Remnants of Hope: Traces of God's Fingerprints
by Sis Tetet Assen | February 01, 2026
by Sis Tetet Assen | February 01, 2026
When I was promoted at work, it was something I had prayed for, hoped for, and believed God for. It felt like a blessing—a clear answer to prayer. But when the transition began, everything shifted.
Instead of feeling confident, I felt overwhelmed. Instead of feeling capable, I felt lost. Instead of celebrating the promotion, I began drowning in responsibilities I couldn’t seem to escape.
Every day felt heavier than the last. Work-life balance disappeared.

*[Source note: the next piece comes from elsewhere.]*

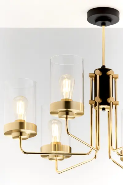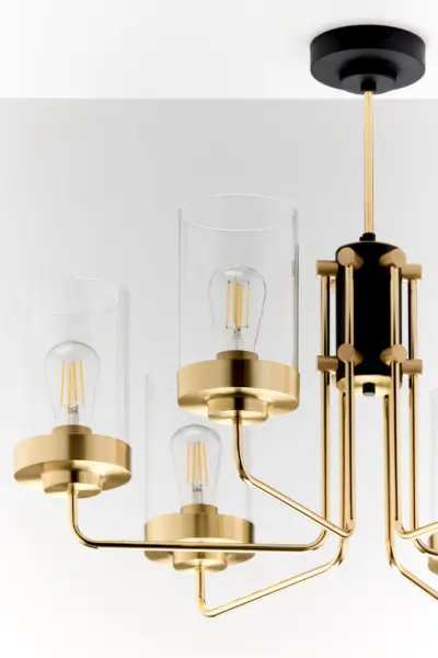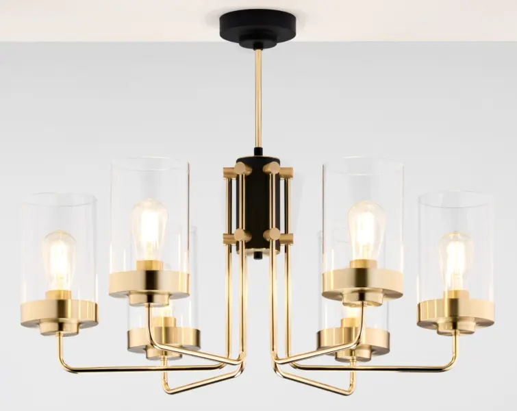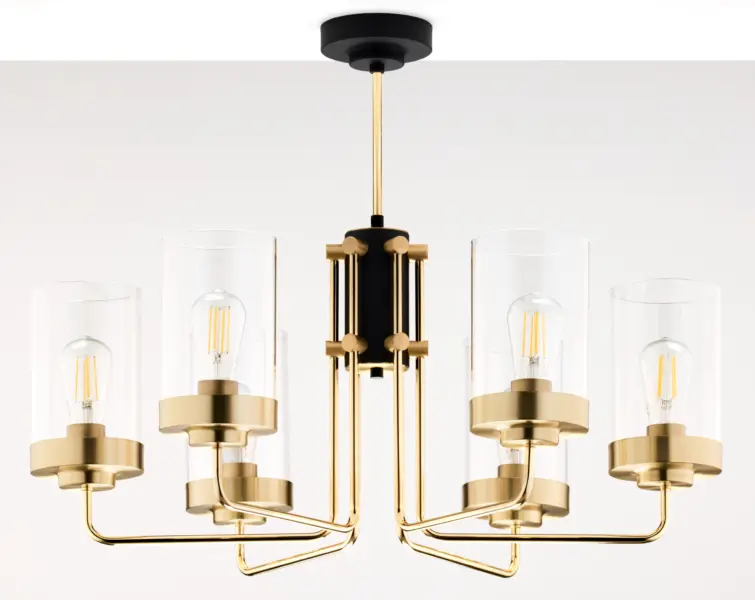 Този модел използва 6 броя крушки с цокъл E27 и максимална мощност до 15W всяка. Такъв тип източник на светлина е лесно достъпен и замяната е практична. Висящото осветление е подходящо за монтаж на таван и осигурява равномерно разпределение на светлината в помещението.

I was exhausted—physically, mentally, emotionally. There were days when coping felt like a full-time job in itself.
In my quiet moments, I even found myself asking God: “Lord, why did You promote me if I would only struggle like this?”
And that question took me straight into the heart of Lamentations.

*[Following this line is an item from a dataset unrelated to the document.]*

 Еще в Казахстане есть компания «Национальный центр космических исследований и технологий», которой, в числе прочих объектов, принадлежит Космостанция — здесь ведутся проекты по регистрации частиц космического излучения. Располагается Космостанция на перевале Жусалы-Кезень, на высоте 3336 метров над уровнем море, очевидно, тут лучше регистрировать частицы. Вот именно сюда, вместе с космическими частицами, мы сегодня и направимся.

Just like the Israelites, I felt like I had lost peace, lost joy, and was slowly losing endurance. I resonated with the words,
“My soul is bereft of peace; I have forgotten what happiness is.” (Lamentations 3:17)
I understood what it meant to feel empty inside—to wake up tired, to go to sleep worried, to carry pressure day after day until hope feels thinner and thinner.
And yet… even in the heaviness, God kept leaving fingerprints. A task I thought I couldn’t finish—but somehow did. A decision I was afraid to make—but God guided. A crisis at work—but peace came at just the right moment. Wisdom that didn’t come from me. Strength I knew I didn’t have.
I saw His fingerprints everywhere— and yet, in my weakness, it felt like it still wasn’t enough to lift the weight I was carrying.
But then Lamentations reminded me: The hope of the Israelites did not come from circumstances. Not from their strength. Not from their abilities. Not from what they could fix or understand.
Their hope came from one truth:
“The Lord is my portion… therefore I will hope in Him.” (Lamentations 3:24)
So I cling to that same truth. Even when I feel empty, even when I have no balance, even when my strength is barely enough for the day—God is still my portion. He is what’s left when everything else runs out. He is the hope that remains when my own hope fades. He is the strength that carries me when I have none.
Yes, I am struggling— but I am not abandoned. Yes, I feel lost— but I am not without direction. Yes, the pressure is great— but God’s mercy is new every morning. So like the Israelites in their darkest hour, Still… I will hope. Not because life is easy, but because God is faithful. Not because I am strong, but because God is enough.
He is my portion. And the remnants of hope in me, are the traces of His fingerprints. A firm proof that God is in me.